We next confirmed that Pellino-1 is a regulator of human airway epithelial cell signaling, using primary human epithelial cells. Consistent with our previous results (Bennett et al., 2012), Pellino-1 knockdown by siRNA reduced the induction of proinflammatory CXCL8 and IL-6 release upon TLR3 activation at 24 h post-challenge (Figures 1C,D). However, markers of the antiviral responses such as CXCL10 and CCL5 release, and IFNβ expression, were unchanged (Figures 1E–G). There were no significant differences observed in any of the measured cytokines at earlier time points (4–16 h).

Loss of Pellino-1 has been shown to protect against septic shock induced by TLR3 ligands (Chang et al., 2009). We recapitulated these in vivo murine observations by intraperitoneal injection of poly(I:C) + D-Galactosamine and confirmed that genetic deficiency of Peli1 inhibited IL-6 and TNFα levels in serum (Supplementary Figure 2). Having confirmed this phenotype, we determined if Peli1−/− reduced inflammatory responses to TLR3 activation in the airways. Using neutrophils as a marker of the inflammatory response elicited to intranasal instillation of poly(I:C), we found no difference in the total numbers of neutrophils recruited to the airways between wild type and knockout animals (Figure 2A), and found no reduction in KC or CCL2 levels in BALF of Peli1−/− mice (Figures 2B,C). Levels of CCL5 and IFNβ were also preserved in these animals, although there was an isolated non-significant reduction in CXCL10 expression (Figures 2D–F). Surprisingly, and in contrast to results seen with intraperitoneal poly(I:C) administration, at 24 h post-instillation we observed higher levels of TNFα and IL-6 in the BALF of knockout animals stimulated with poly(I:C) (Figures 2G,H), and upregulated expression of IL-6 mRNA in the lung (Figure 2I), though expression of these cytokines had decreased by 48 h.

Figure 2.

Figure 2

Peli1−/− mice show increased proinflammatory responses to TLR3 activation. Peli1−/− mice and age- and sex-matched wild type littermate controls were given a single dose of 100 μg poly(I:C) or PBS (control) i.n. under gaseous anesthesia. Animals were sacrificed and lavaged at the time points indicated, and total cell number in BALF enumerated by haemocytometer, with the number of neutrophils determined by differential cell counts calculated by microscopic analysis of cytospin preparations (A). Levels of the cytokines KC (B), CCL2 (C), CCL5 (D), TNFα (G), and IL-6 (H) in BALF were determined by CBA. IFNβ (E), CXCL10 (F), and IL-6 (I) expression levels were determined by qRT-PCR of homogenized whole lung. Individual data points show a single mouse, and data panels show mean ± SEM; Peli1+/+ mice PBS n = 6, PIC 24 h n = 6, PIC 48 h n = 6; Peli1−/− mice PBS n = 6, PIC 24 h n = 6, PIC 48 h n = 6. Significant differences between groups are indicated by *p < 0.05, as measured by two-way ANOVA with Sidak's post-test (statistical analysis was conducted upon dCt values for qRT-PCR data).

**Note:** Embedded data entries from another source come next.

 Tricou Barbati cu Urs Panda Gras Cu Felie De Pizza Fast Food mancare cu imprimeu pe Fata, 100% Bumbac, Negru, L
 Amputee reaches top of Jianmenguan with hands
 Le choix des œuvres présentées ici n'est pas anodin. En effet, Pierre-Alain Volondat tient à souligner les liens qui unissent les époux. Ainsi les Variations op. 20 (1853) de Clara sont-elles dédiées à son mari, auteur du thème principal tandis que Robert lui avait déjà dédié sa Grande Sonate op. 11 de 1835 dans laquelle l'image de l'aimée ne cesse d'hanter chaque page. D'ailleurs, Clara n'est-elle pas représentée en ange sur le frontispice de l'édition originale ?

These data suggested that Pellino-1 may play a negative regulatory role to viral infection in the lung. We therefore studied the responses of Peli1−/− animals to two viral respiratory pathogens.

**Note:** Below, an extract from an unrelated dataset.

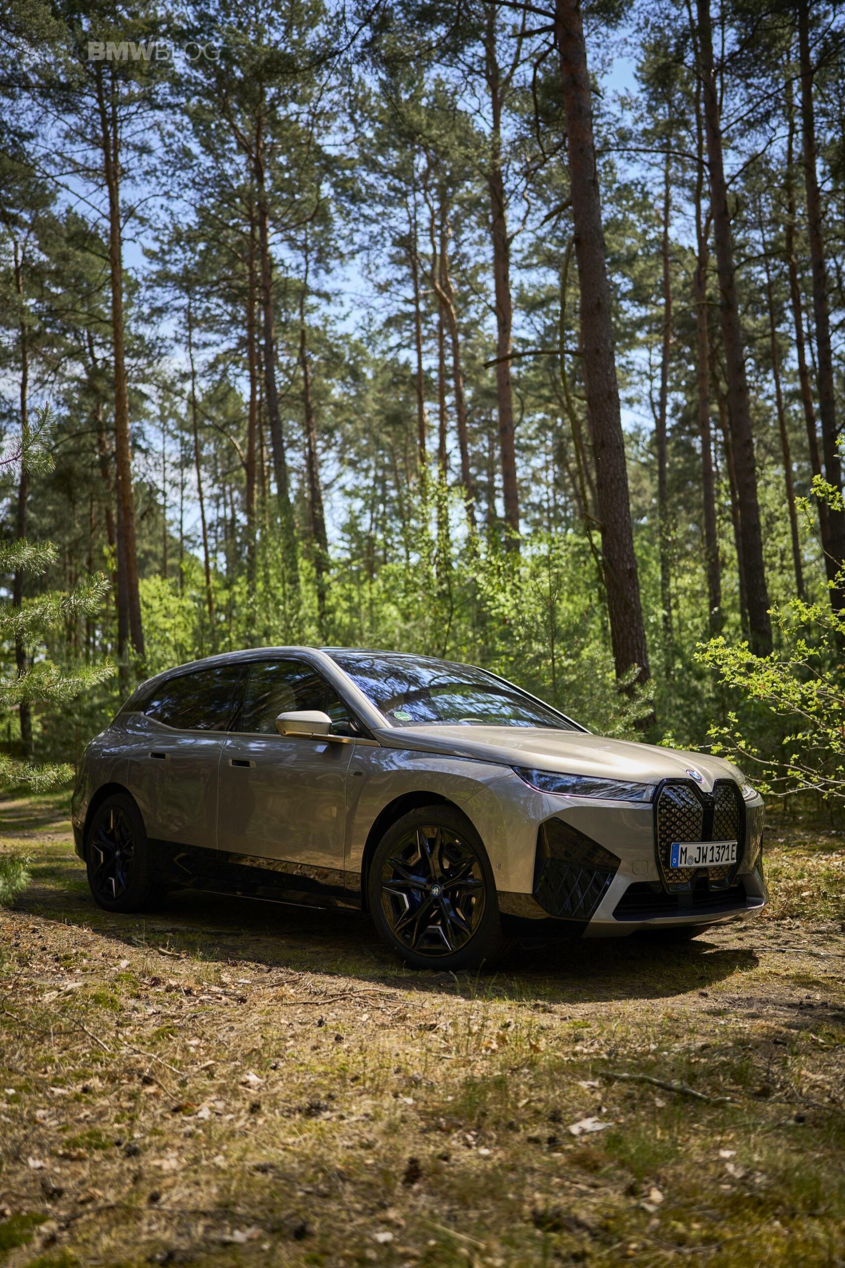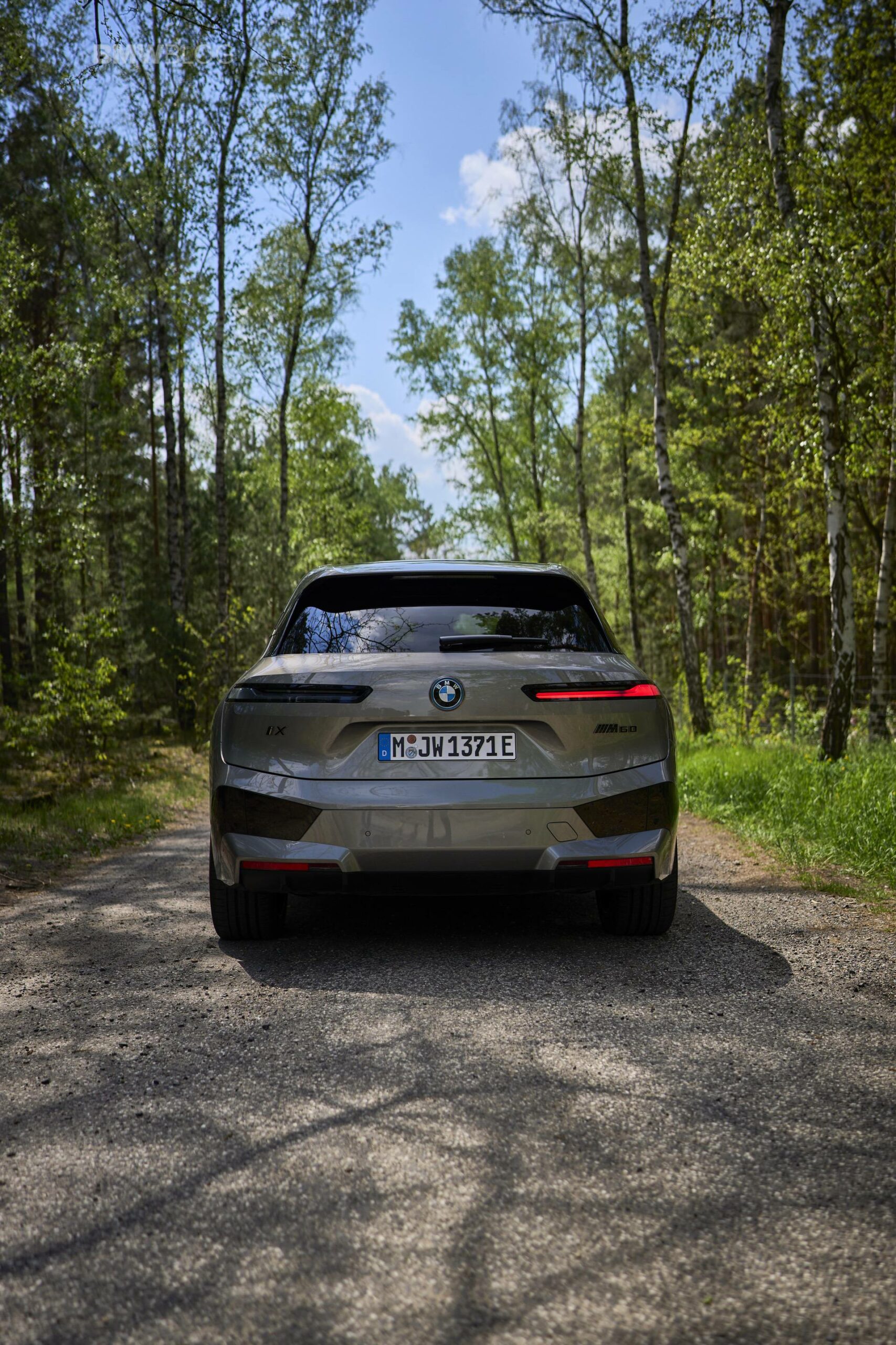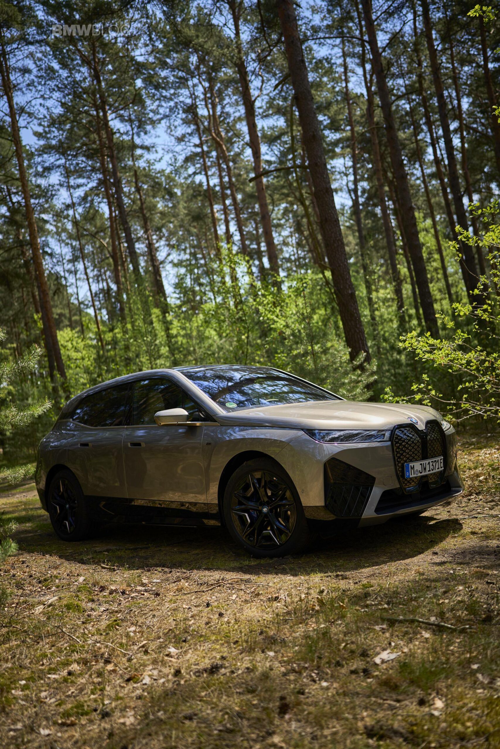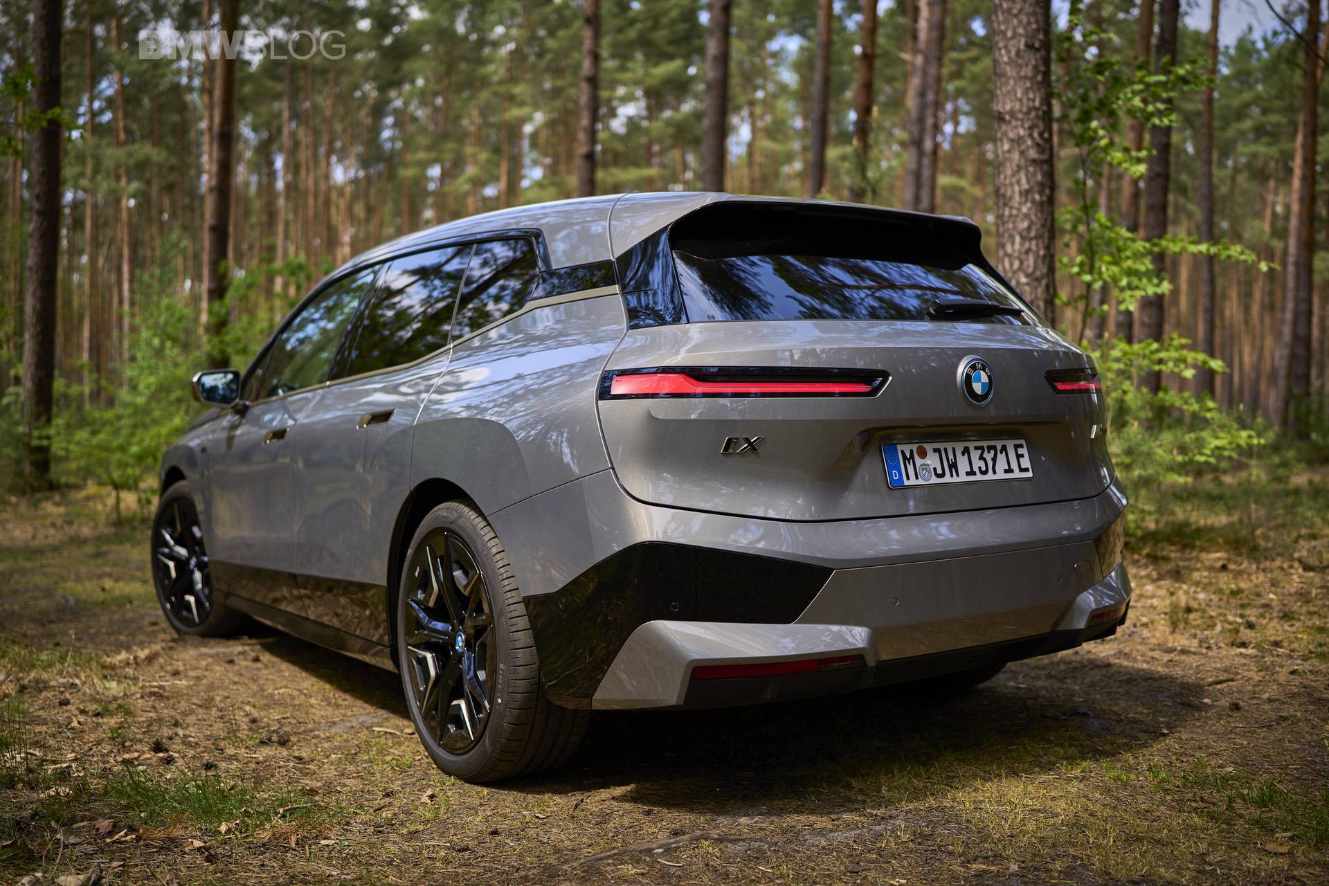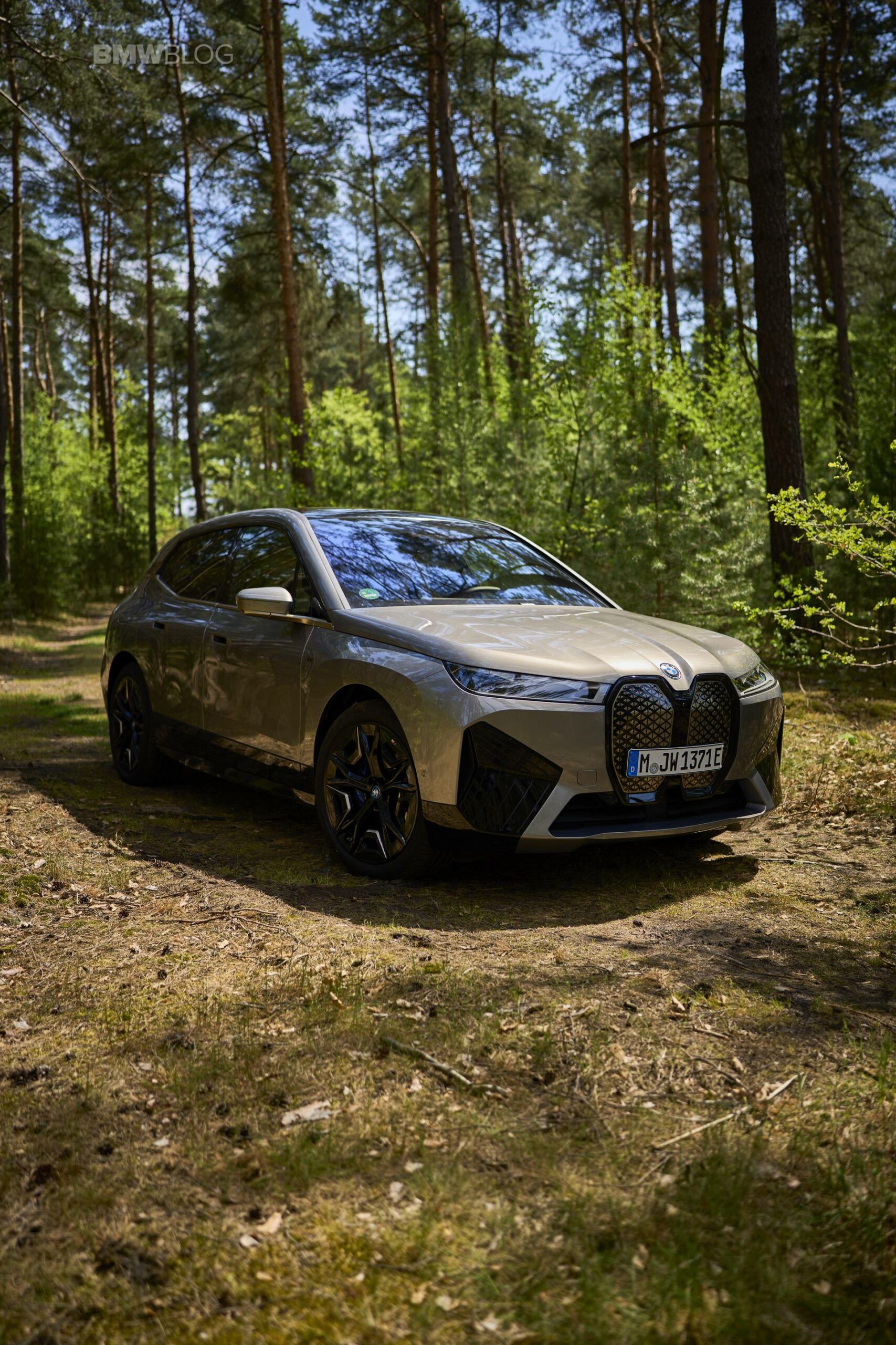 The test drives are embargoed until late May, but photography is not. So today, we took the car for a spin and filmed it in an unusual setting: deep into the woods. The Oxide Grey is the color name on this iX M60 which not only stands out with its performance, but also with its quirky looks.

We examined responses to intranasal rhinovirus instillation using a high-titer pure RV1B preparation (Newcomb et al., 2008). We found no difference in the number of neutrophils recruited to the airway lumen between wild type and knockout animals (Figure 3A). However, as with responses against poly(I:C), we observed higher levels of IL-6 and TNFα in the Peli1−/− mice 24 h post-instillation (Figures 3B,C); again, these levels had decreased by 48 h. Levels of CCL2 and CCL5 were unchanged between the groups (Figures 3D,E). KC production was below the level of detection (data not shown). We found no difference in the viral load between wild type and knockout animals (Figure 3F).

Figure 3.

Figure 3

Peli1 limits proinflammatory airway responses to high-dose treatment with RV1B. Peli1−/− mice and age- and sex-matched wild type littermate controls were given a single dose of 5 × 106 PFU RV1B or sham (control; HeLa H1 cell lysate processed in a manner identical to the RV1B-infected cell lysates) i.n. under gaseous anesthesia. Animals were sacrificed and lavaged at the time points indicated, and total cell number in BALF enumerated by haemocytometer, with the number of neutrophils determined by differential cell counts calculated by microscopic analysis of cytospin preparations (A). Levels of the cytokines IL-6 (B), TNFα (C), CCL2 (D), and CCL5 (E) in BALF were determined by CBA. RV1B viral load (F) was determined by qRT-PCR of homogenized whole lung. Individual data points show a single mouse, and data panels show mean ± SEM; Peli1+/+ mice sham n = 4, RV1B 24 h n = 6, RV1B 48 h n = 5; Peli1−/− mice sham n = 4, RV1b 24 h n = 5, RV1B 48 h n = 5. Significant differences between groups are indicated by *p < 0.05, and ****p < 0.0001, as measured by two-way ANOVA with Sidak's post-test (statistical analysis was conducted upon dCt values for qRT-PCR data).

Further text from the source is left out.